▶ _PROBLEM_:
Nothing in the records may be altered, and no picture may be included. Restate them in full.

━━ RECORD EXTRACTS

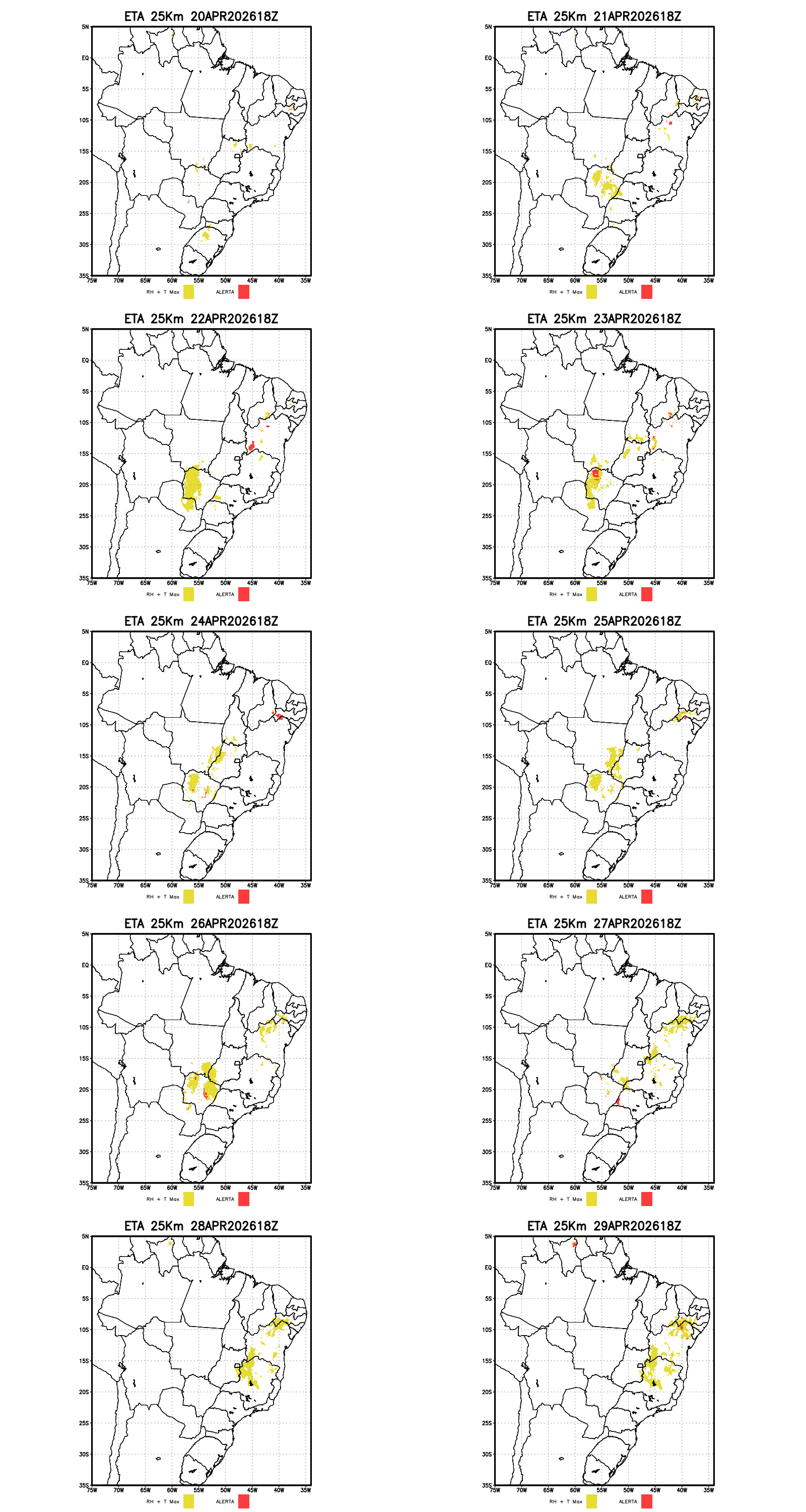 A área amarela do mapa indica as regiões onde, simultaneamente, a previsão aponta temperatura máxima superior a 30°C e umidade relativa inferior a 30%. A área vermelha destaca as regiões onde, além das duas condições anteriores, os ventos previstos superam 15 km/h, sendo estas as condições de maior risco de propagação de incêndios.
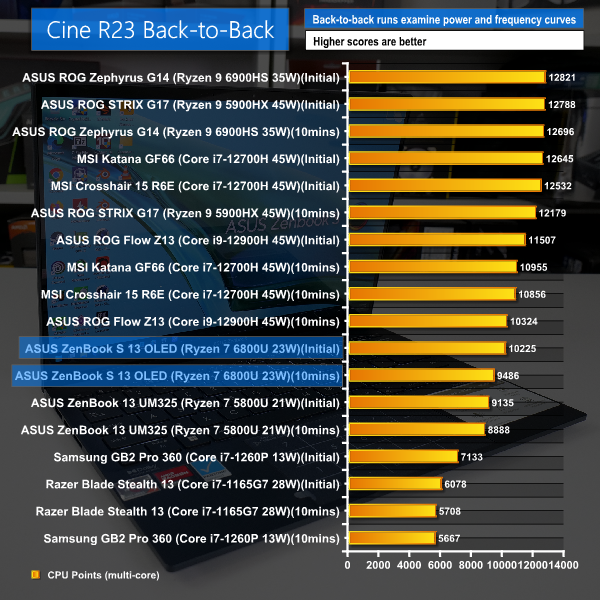 The Ryzen 7 6800U performance is reduced by 7% after 10 minutes of back-to-back Cinebench runs. That’s perfectly reasonable, albeit greater than the performance drop-off seen on the Ryzen 7 5800U solution.
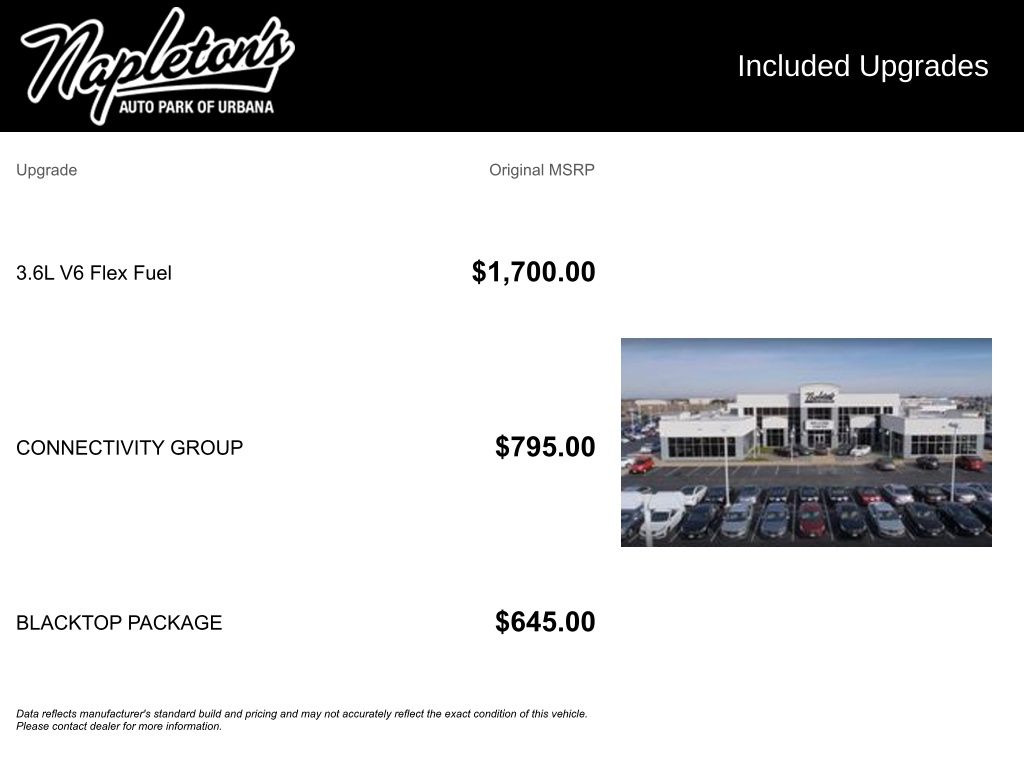 - Blacktop Package: Adds Touring Suspension, 17" Fully Painted Black Wheels, Gloss Black Exterior Accents, and More
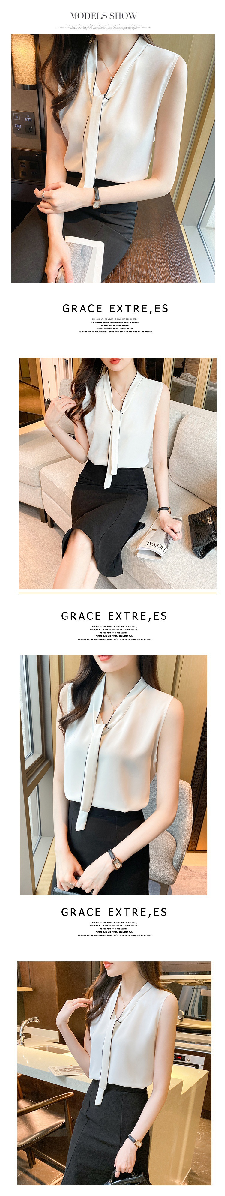 리얼 샷 쉬폰 셔츠 여성 여름 2022 새로운 패션 작은 셔츠 기질 통근 느슨한 민소매 최고 여성
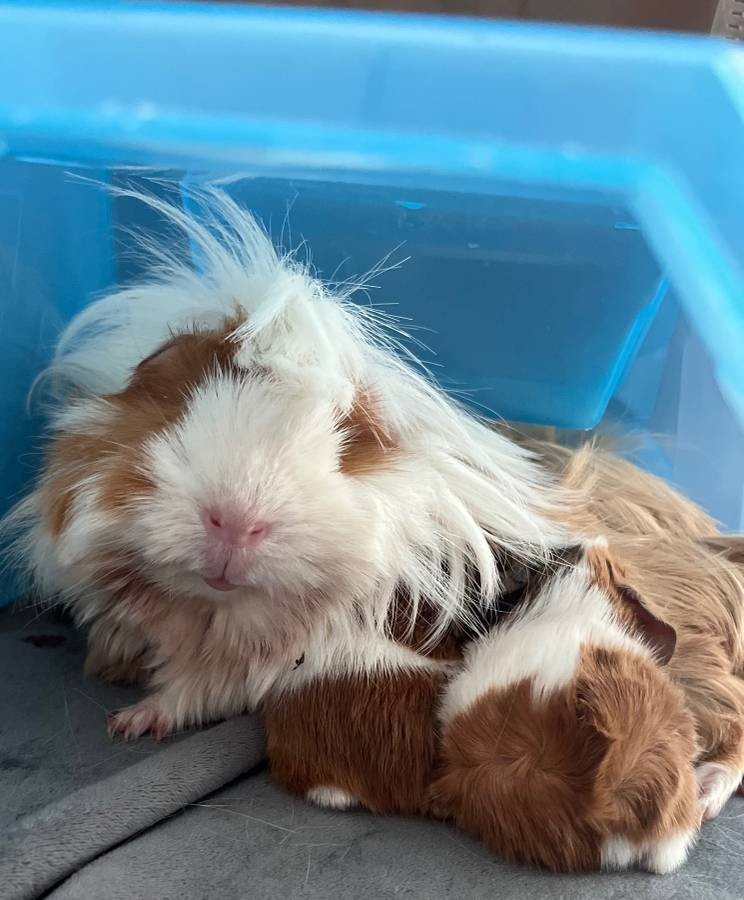 Scoli came to me with her son, Hufflepuff. The previous owner stated that she had another baby, but that they were rehomed. Scoli loves her vegetables and has a unique squeak. She has a memorable hairdo and amazing personality. Eiffel is the copper, Peruvian piggie. She was rehomed to me with her daughter Moonstone. Moonstone is a quick girl that will need some time to warm up to you. She has an adorable squeak! Eiffel is the queen of the cage. She tends to rumble-strut around the cage, making sure that the girls know who’s boss. Eiffel popcorns when she knows hay, veggies, or pellets are coming. This trio is lovable and so fun to watch.
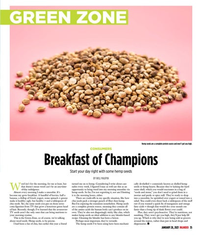 Breakfast of Champions Start your day right with some hemp seeds BY WILL MAUPIN
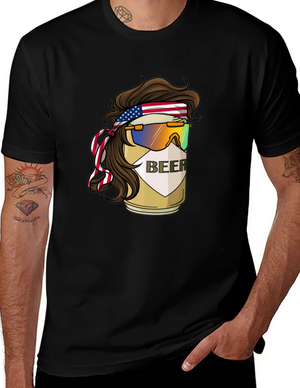 Beer Mullet USA Flag Headband T-Shirt
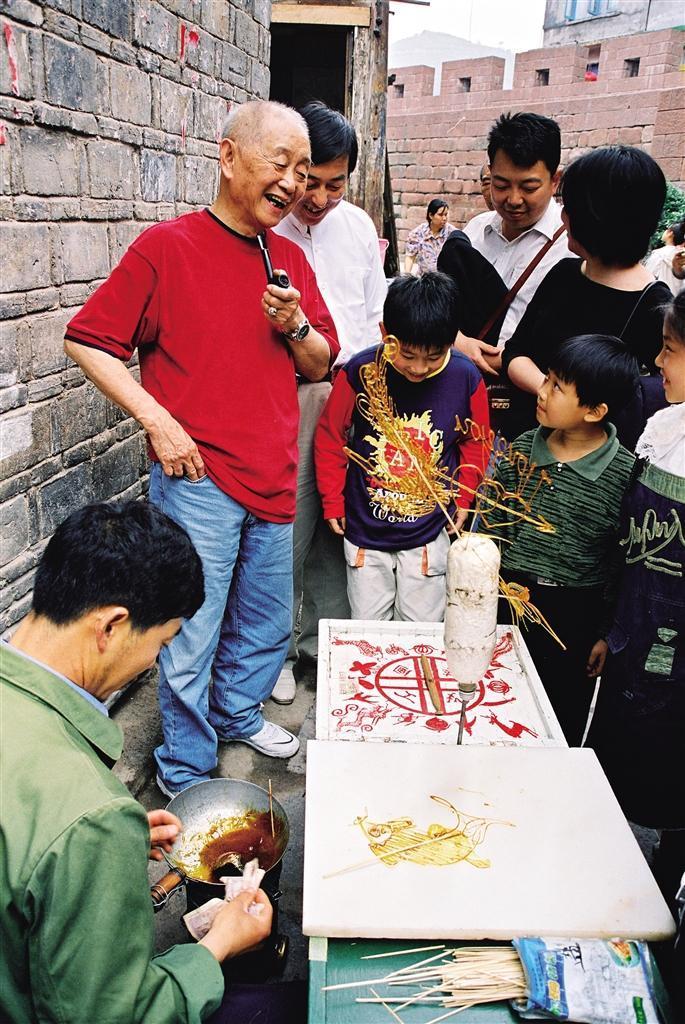 糖人的制作工藝主要包括吹糖人、畫糖人和塑糖人三種,這一手工藝遍布祖國大江南北,深受小朋友們的喜愛,也是許多成年人兒時的美好回憶。這是1997年初秋,鳳凰東城門旁的這個糖人手藝小攤兒,將先生的思緒拉回到久遠的孩童時代,讓他的笑容有了一種穿越感。
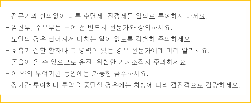 * 이 의약품을 복용하면 졸음이 올 수 있고, 반사운동능력 등의 저하가 올 수 있으므로 이 약을 복용중에는 웅운전이나 위험한 기계 조작에 조금 더 주의하시길 바랍니다.
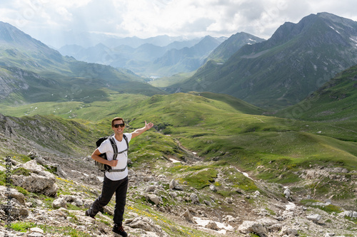 Naklejka premium Young hiker walking with the wonderful panorama of the swiss alps in the background
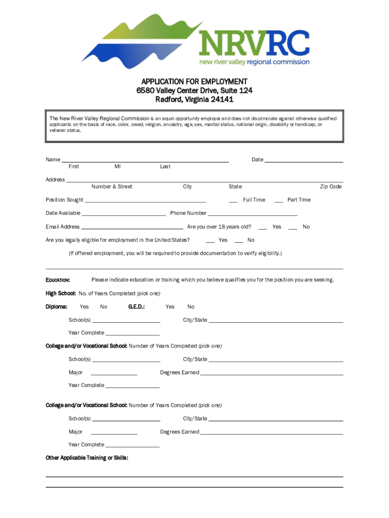 APPLICATION FOR EMPLOYMENT 6580 Valley Center Drive, Suite 124 Bradford, Virginia 24141 The New River Valley Regional Commission is an equal opportunity employer and does not discriminate against
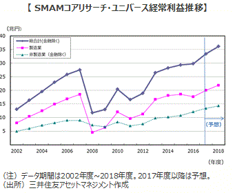 ■当社の集計(SMAMコアリサーチ・ユニバース224社( 金融除く)、6月時点)によれば、2016年度の経常利益は30.7兆円(前年度比+2.6%)の増益となり、3期連続の過去最高益更新となりました。
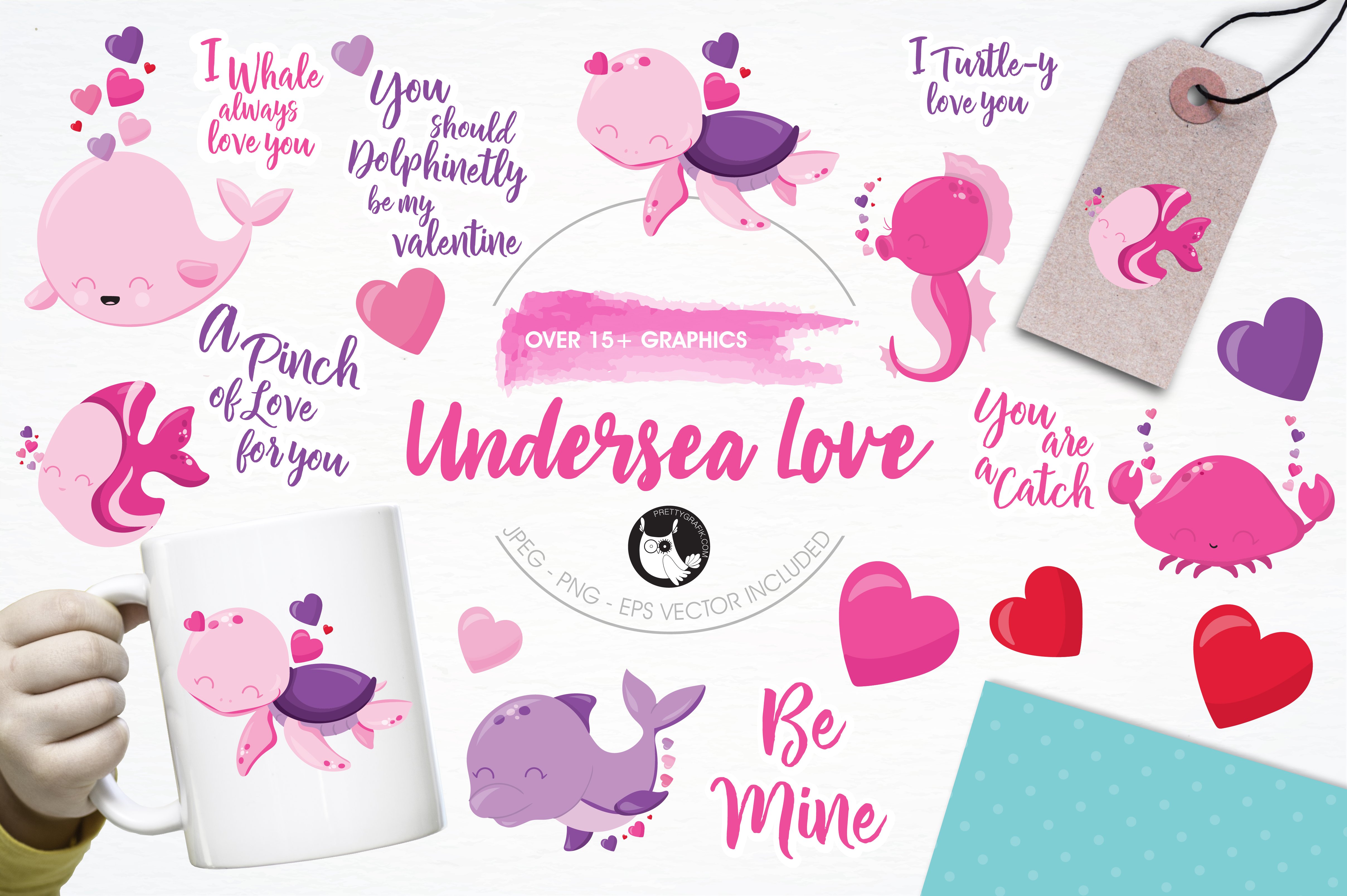 Download Vector "Undersea love illustration pack - Vector Image" / Undersea love illustration pack - Vector Image - Vector на тему графика illustration,heart,vector,graphics,clipart,clip art,animals,sea,icons,whale,fish,valentines day,eps,crab,turtle,prettygrafik,dolphin

━━━━

▶ _ANSWER TO THE PROBLEM_:
 A área amarela do mapa indica as regiões onde, simultaneamente, a previsão aponta temperatura máxima superior a 30°C e umidade relativa inferior a 30%. A área vermelha destaca as regiões onde, além das duas condições anteriores, os ventos previstos superam 15 km/h, sendo estas as condições de maior risco de propagação de incêndios.
 The Ryzen 7 6800U performance is reduced by 7% after 10 minutes of back-to-back Cinebench runs. That’s perfectly reasonable, albeit greater than the performance drop-off seen on the Ryzen 7 5800U solution.
 - Blacktop Package: Adds Touring Suspension, 17" Fully Painted Black Wheels, Gloss Black Exterior Accents, and More
 리얼 샷 쉬폰 셔츠 여성 여름 2022 새로운 패션 작은 셔츠 기질 통근 느슨한 민소매 최고 여성
 Scoli came to me with her son, Hufflepuff. The previous owner stated that she had another baby, but that they were rehomed. Scoli loves her vegetables and has a unique squeak. She has a memorable hairdo and amazing personality. Eiffel is the copper, Peruvian piggie. She was rehomed to me with her daughter Moonstone. Moonstone is a quick girl that will need some time to warm up to you. She has an adorable squeak! Eiffel is the queen of the cage. She tends to rumble-strut around the cage, making sure that the girls know who’s boss. Eiffel popcorns when she knows hay, veggies, or pellets are coming. This trio is lovable and so fun to watch.
 Breakfast of Champions Start your day right with some hemp seeds BY WILL MAUPIN
 Beer Mullet USA Flag Headband T-Shirt
 糖人的制作工藝主要包括吹糖人、畫糖人和塑糖人三種,這一手工藝遍布祖國大江南北,深受小朋友們的喜愛,也是許多成年人兒時的美好回憶。這是1997年初秋,鳳凰東城門旁的這個糖人手藝小攤兒,將先生的思緒拉回到久遠的孩童時代,讓他的笑容有了一種穿越感。
 * 이 의약품을 복용하면 졸음이 올 수 있고, 반사운동능력 등의 저하가 올 수 있으므로 이 약을 복용중에는 웅운전이나 위험한 기계 조작에 조금 더 주의하시길 바랍니다.
 Naklejka premium Young hiker walking with the wonderful panorama of the swiss alps in the background
 APPLICATION FOR EMPLOYMENT 6580 Valley Center Drive, Suite 124 Bradford, Virginia 24141 The New River Valley Regional Commission is an equal opportunity employer and does not discriminate against
 ■当社の集計(SMAMコアリサーチ・ユニバース224社( 金融除く)、6月時点)によれば、2016年度の経常利益は30.7兆円(前年度比+2.6%)の増益となり、3期連続の過去最高益更新となりました。
 Download Vector "Undersea love illustration pack - Vector Image" / Undersea love illustration pack - Vector Image - Vector на тему графика illustration,heart,vector,graphics,clipart,clip art,animals,sea,icons,whale,fish,valentines day,eps,crab,turtle,prettygrafik,dolphin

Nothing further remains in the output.